EBSCO users span the globe, and we understand that not only are languages different, but so are the ways in which folks identify and interact with data. Each user has their own mental model comprised of their experiences, their culture, their language, and their needs. 

This is why supporting equitable search has been a priority for EBSCO for decades, starting with the mapping of publisher subject headings across databases to ensure no matter which publisher subject vocabulary a user was familiar with, they could still retrieve content, even if the subject tags were not a synonymous match. This mapping is called the Unified Subject Index, or USI. 

EBSCO took this a step farther and added all National Library Subject Authorities and the most authoritative government and linked data vocabularies to the USI, which created one of the largest multilingual mappings of scholarly vocabularies in the world, covering more than 280 languages and dialects.

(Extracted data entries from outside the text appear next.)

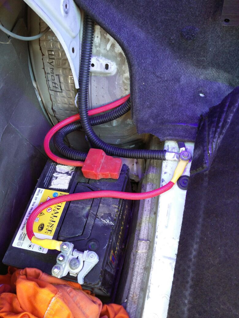 — сперва были проложены кабеля ПВ3 0,50Ga в гофре в багажник для питания усилителей, да с запасом, но идея перенести АКБ с подкапотки не давала покоя.
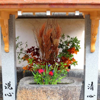 天満宮花手水にフラワーショップ小谷さんがお花を活けてくれました。屋根がついたばかりの手水舎にいつも以上に豪華に飾りつけしてくれました。誠にありがとうございます。 -
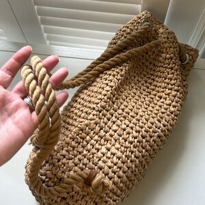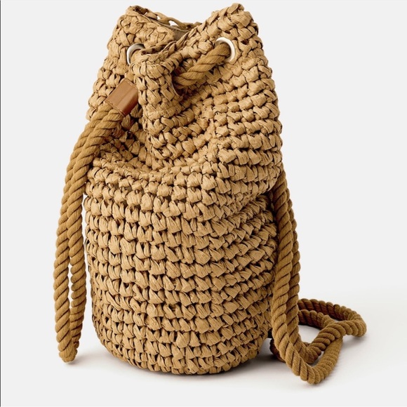 Zara Raffia Duffle Rope Backpack Bag Natural
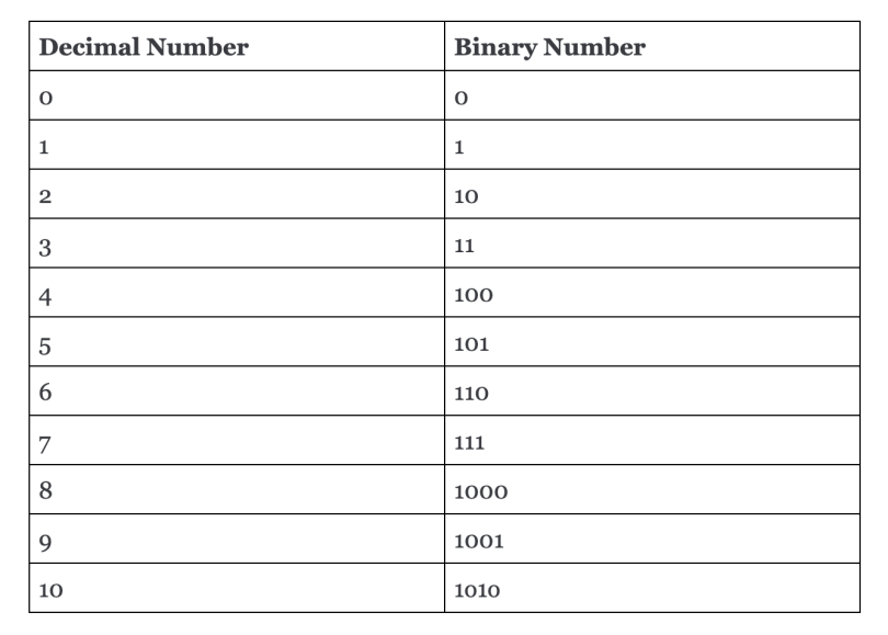 Here’s what binary numbers looks like in comparison to numbers 0 through 10 in decimal:
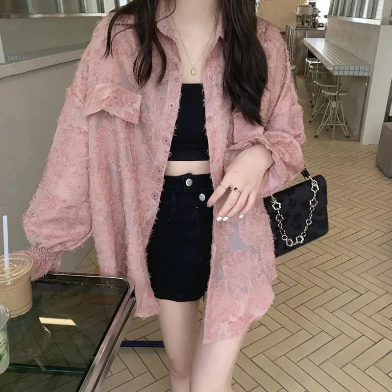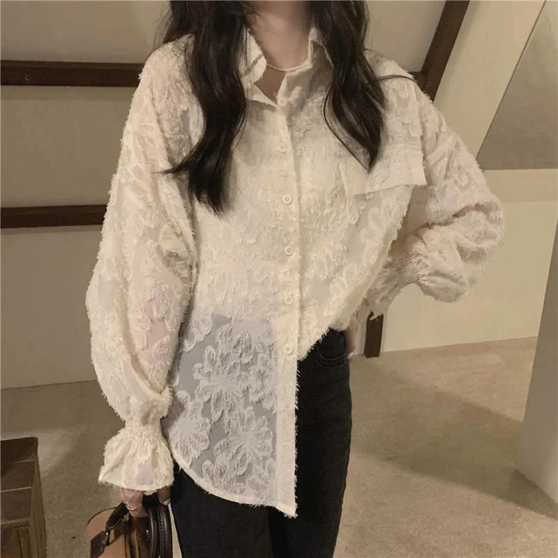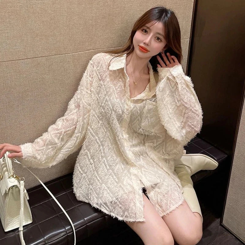 Discover our lace blouse for ladies, an essential garment for summer that combines elegance and boldness. This blouse made of lightweight, transparent fabric with fringes is ideal for sunny days. The loose fit and modern design ensure a casual yet sexy look. Whether over a swimsuit for a day at the beach or with leather pants for a city outing, this blouse is the perfect choice to express your alternative style. The ruffled sleeves and chic pattern add a touch of sophistication to your wardrobe. Get this unique piece and let yourself be seduced by its irresistible charm!

Even better, that same year we gathered billions of natural language terms to map to their controlled term equivalencies within the USI, and conducted bidirectional card sorting exercises to gather additional terminology from survey participants to map into the USI. Many of these vocabularies are updated and mapped in as linked data, and everything is stored as a knowledge graph for easier graph traversal (faster query time).

But, why so much mapping? Doesn’t a search engine automatically expand a query into synonyms, and now can’t AI just do all this itself? 

Well, no, not exactly. Commercial search engines and AI both derive synonyms from common dictionaries, either from the commercial search engine itself, or the general intelligence found on the open web in the case of AI. Neither of which are likely to be equitable, with much of the open web favoring certain languages and certain perspectives, the lack of scholarly vocabularies in formats the commercial search engines and AI can easily ingest and understand, not to mention slurs found in both. AI cannot make the distinction between user warrant, literary warrant (the most common in library science during cataloging and indexing), and scientific warrant. 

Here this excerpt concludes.